Por via das dúvidas, sou direto na mensagem:
“Você está bem?”
Horas depois, recebo a resposta em tom de desabafo.
“Assim, assim… Nada aconteceu comigo. Vivo em Bruges, e só saio daqui quando há absoluta necessidade. Na idade em que estou, a única pressa que tenho é a de voltar para casa e lá ficar com meus bolachões (discos) e meus livros que, por sinal, são bem antigos. Leio e releio as mesmas obras, nada do mundo de hoje me atrai. Sou quase um ermitão, lembra nossa conversa em Lisboa? Pois então…”
Replico o email:
Mas, e as coisas por aí, como estão?
“As ruas estão vazias. O comercio, às moscas. Quem tem algum compromisso e precisa de algum transporte público, pensa dez vezes em qual horário deve ir e vai com passo acelerado e coração saltando pela boca. Aliás, já vivíamos assim desde os atentados de Paris ou até antes quando essa ameaça começou a rondar as grandes cidades europeias. Há quem pense que o povo daqui, do continente, já enfrentou duas grandes guerras. E sabe se manter de cabeça erguida mesmo diante desses enfrentamentos. Percebo, no entanto, que a cada nova tragédia, como a que ontem aconteceu em Bruxelas, nos sentimos ainda mais desamparados. E entregues à própria sorte – ou seria mais acertado dizer, ao nosso próprio azar de encontrar um homem-bomba por perto.”
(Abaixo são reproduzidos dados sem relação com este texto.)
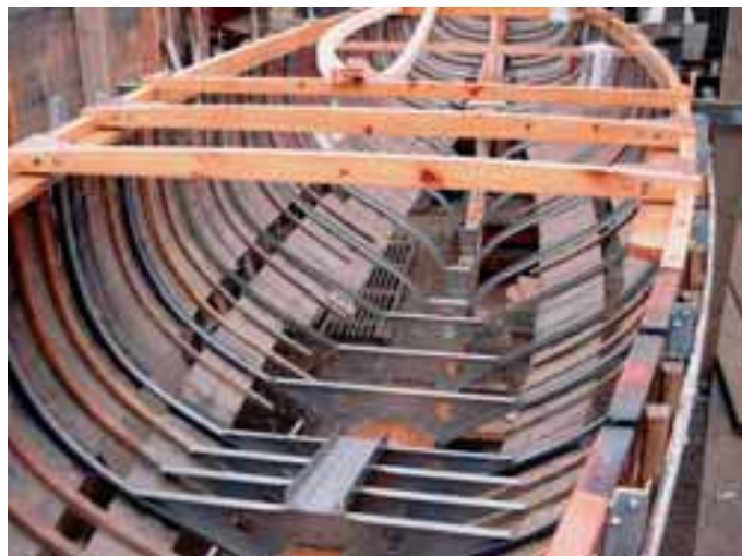
Bådens grundlæggende konstruktion med stålsplanter og de første dæksbjælker. Jan. 2003

nal. Overlevet har en del svøb, dele af bjælkevægerne, spant nr. 3, en dæksbjælke, den centrale del af trækølen samt masten, der dog ikke er fra 1922. Klædningen af hondurasmahogni kunne ikke reddes – den er derfor ny (men den er af hondurasmahogni!) Det 2. spørgsmål igennem årene har været: Var det ikke lettere/billigere/smartere at bygge en ny båd? Svaret har altid været, at så ville det jo ikke være Oui Oui! Bådens sjæl er jo bevaret trods den gennemgribende restaurering og bådens facon ligeså. Spørgsmål 3: Hvornår er den færdig? Vi har altid svaret, at det er den, når vi er færdige med arbejdet. Men nu kan vi sige det mere præcist:

Vi nos telejornais que autoridades das grandes potências europeias se manifestaram prontamente em defesa dos cidadãos e das sociedades democráticas contra o terror. Falam em recrudescer os sistemas de segurança pública e que a luta será longa.
Escrevo para que confirme o que representa toda essa mobilização.
Ele responde:
“Retórica, pura retórica. Palavras que o vento leva. Eles estão tão aturdidos quanto nós. Os atentados de ontem eram mais do que esperado. Todos sabiam que aqui funcionava um QG do EI ou algo do gênero. No entanto, nem o serviço secreto, nem qualquer esquema de espionagem e segurança conseguiram evitar a morte de tantos inocentes. Não falo só em incompetência. Fomos nós mesmos que nos enfiamos nessa enrascada. Quando o ódio e o fanatismo se juntam, é inevitável o descontrole, o caos”.
Pensei em perguntar ao Nestor se pensava em voltar ao Brasil, mas reconsiderei a partir das suas palavras finais e me despedi com um formal: “Fica com Deus, irmão. Tamos juntos”.
Ele me respondeu, com lacônico “Amém”.